From that rifle's sights, I suspect that once you have zero'd scope or sights at target distance, to your stance, then you are on. But if sights or scope are not actually square and plumb to the bore, does not translate to any another distance, without error. This rifle and sight system was not designed for "any other" distance - 50 meters target aiming at a 4 point something inches diameter black bull is what it was for. Sort of limiting - but so are the double set triggers, 15 ounce rear sight assembly, no ejector, and several other features.

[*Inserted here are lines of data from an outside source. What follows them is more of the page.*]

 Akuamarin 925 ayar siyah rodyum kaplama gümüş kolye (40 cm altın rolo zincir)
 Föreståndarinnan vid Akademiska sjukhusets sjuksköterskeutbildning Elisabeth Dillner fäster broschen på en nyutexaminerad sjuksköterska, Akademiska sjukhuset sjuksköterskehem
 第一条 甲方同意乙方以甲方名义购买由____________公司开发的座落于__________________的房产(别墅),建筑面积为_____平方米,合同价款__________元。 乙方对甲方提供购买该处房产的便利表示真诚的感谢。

The Schultz and Larsen Model 61 had its best years in the 1950's and early 1960's. It's offset sights were a product of the rifle design and components also doing double duty as a centerfire model. The reason for the offset sights was so that the problem of mirage from a hot centerfire barrel would be less of an issue for the shooter. The rifle in .22LR was equally capable of being used at both 50 and 100 yards. If the sights could be used for shooting at one distance, they were good for the other as well.

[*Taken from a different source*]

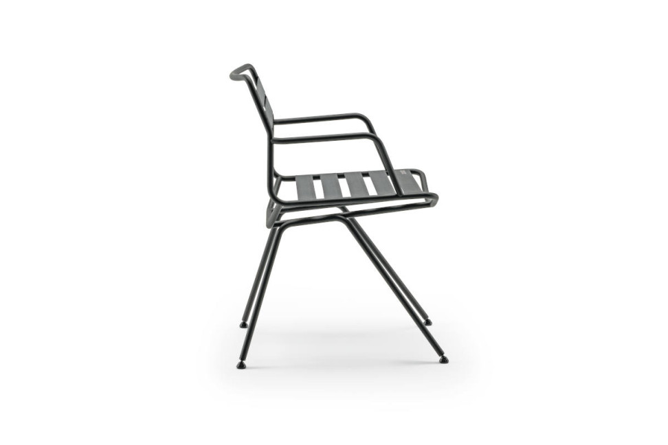 Characterized by a steel structure painted in iron gray or matt black color, Dan chair boasts a seat and backrest made with elastic bands in polyester yarn in yellow, rope, anthracite and blue. The Zanotta logo is printed on the first seat belt and placed on the right side. Dan 2057-2058 allows the customization of the printing of the straps. This chair is available also in the Outdoor version with the name Dan 2073-2074.

The offset front sight can be seen in this S&L M61/M62 contemporaneous brochure in the left image on the bottom row. An actual picture of the rifle follows.

(See below for the effect of cant.)







When the rifle or scope have cant -- that is, they are not in line or plumb with each other -- the impact on POI can be seen in the image below. While it was originally made to show airgun shooters the problems that occur when either or both the rifle or scope are not correctly aligned, it remains valid for powderburners.

 
The Schultz and Larsen Model 61 had its best years in the 1950's and early 1960's. It's offset sights were a product of the rifle design and components also doing double duty as a centerfire model. The reason for the offset sights was so that the problem of mirage from a hot centerfire barrel would be less of an issue for the shooter. The rifle in .22LR was equally capable of being used at both 50 and 100 yards. If the sights could be used for shooting at one distance, they were good for the other as well.

The offset front sight can be seen in this S&L M61/M62 contemporaneous brochure in the left image on the bottom row. An actual picture of the rifle follows.

(See below for the effect of cant.)







When the rifle or scope have cant -- that is, they are not in line or plumb with each other -- the impact on POI can be seen in the image below. While it was originally made to show airgun shooters the problems that occur when either or both the rifle or scope are not correctly aligned, it remains valid for powderburners.



What is CW and CCW etc? Thank you this is quite useful.